• **RECORDS FOR THIS TASK**
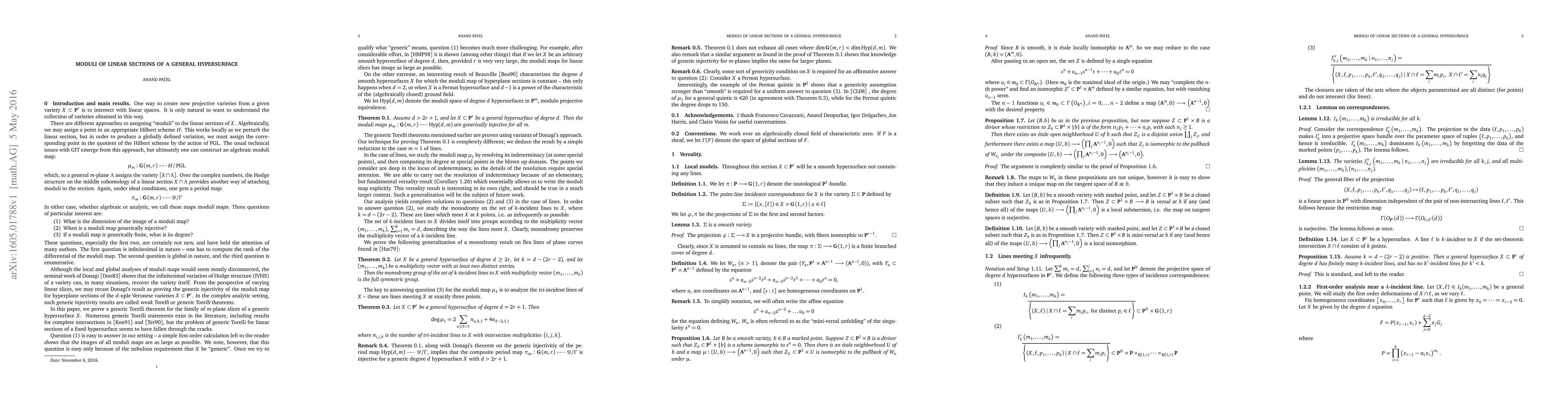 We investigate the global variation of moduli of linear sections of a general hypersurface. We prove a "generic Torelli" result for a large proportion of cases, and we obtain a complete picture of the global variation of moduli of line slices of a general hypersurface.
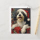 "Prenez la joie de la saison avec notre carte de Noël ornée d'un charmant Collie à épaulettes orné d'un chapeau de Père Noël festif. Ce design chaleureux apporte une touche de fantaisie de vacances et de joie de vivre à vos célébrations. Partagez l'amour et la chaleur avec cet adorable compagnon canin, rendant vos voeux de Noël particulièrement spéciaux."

...

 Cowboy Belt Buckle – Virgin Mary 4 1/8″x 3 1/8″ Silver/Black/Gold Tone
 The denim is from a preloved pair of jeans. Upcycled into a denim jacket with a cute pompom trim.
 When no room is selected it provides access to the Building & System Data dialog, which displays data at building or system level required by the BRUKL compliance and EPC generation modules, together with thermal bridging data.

• **WHAT YOU NEED TO DO**
Retype word for word everything in the listing above from the line that holds "Cowboy Belt Buckle" down to the line that holds "When no room". Keep both end lines and leave out the rest.

• **RESPONSE AREA**
 Cowboy Belt Buckle – Virgin Mary 4 1/8″x 3 1/8″ Silver/Black/Gold Tone
 The denim is from a preloved pair of jeans. Upcycled into a denim jacket with a cute pompom trim.
 When no room is selected it provides access to the Building & System Data dialog, which displays data at building or system level required by the BRUKL compliance and EPC generation modules, together with thermal bridging data.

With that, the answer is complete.